■ YOUR GOAL
Your copy starts at the line containing "あんこ餅 No.S-761 ¥440+消費税" and ends at the last line below. Copy exactly, without pictures.

■ SUPPLIED RECORDS
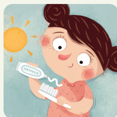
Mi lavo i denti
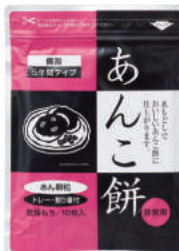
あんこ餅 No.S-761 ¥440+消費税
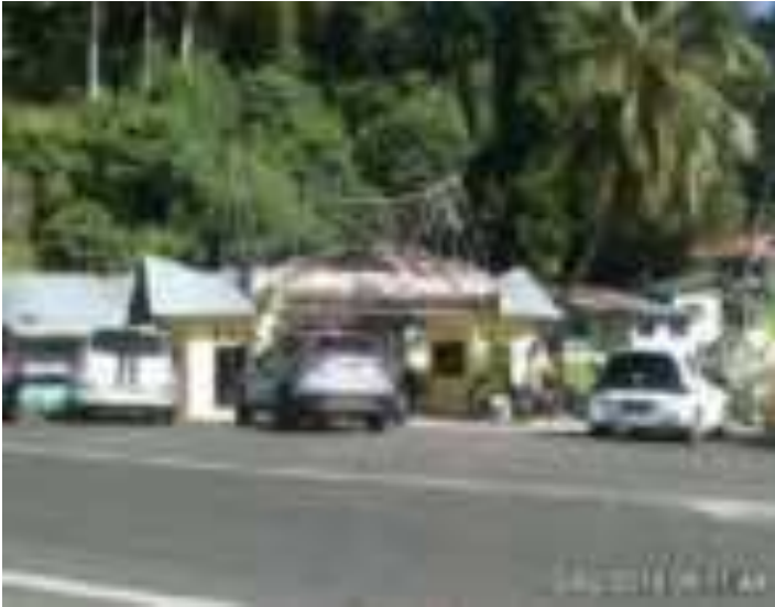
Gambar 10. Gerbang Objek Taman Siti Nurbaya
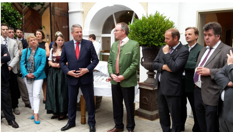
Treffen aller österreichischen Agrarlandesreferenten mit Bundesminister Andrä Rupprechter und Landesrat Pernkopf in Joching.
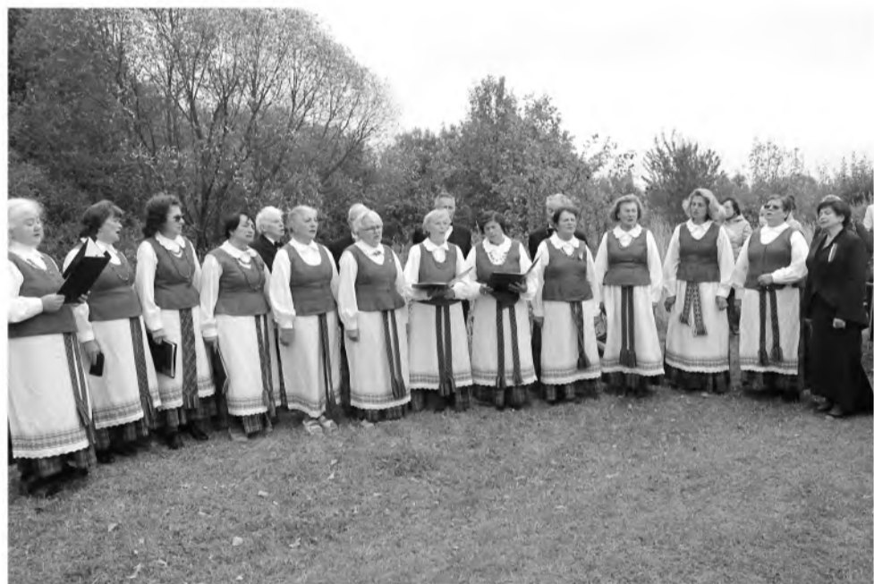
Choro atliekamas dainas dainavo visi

■ OUTPUT OF THE EXERCISE
あんこ餅 No.S-761 ¥440+消費税
Gambar 10. Gerbang Objek Taman Siti Nurbaya
Treffen aller österreichischen Agrarlandesreferenten mit Bundesminister Andrä Rupprechter und Landesrat Pernkopf in Joching.
Choro atliekamas dainas dainavo visi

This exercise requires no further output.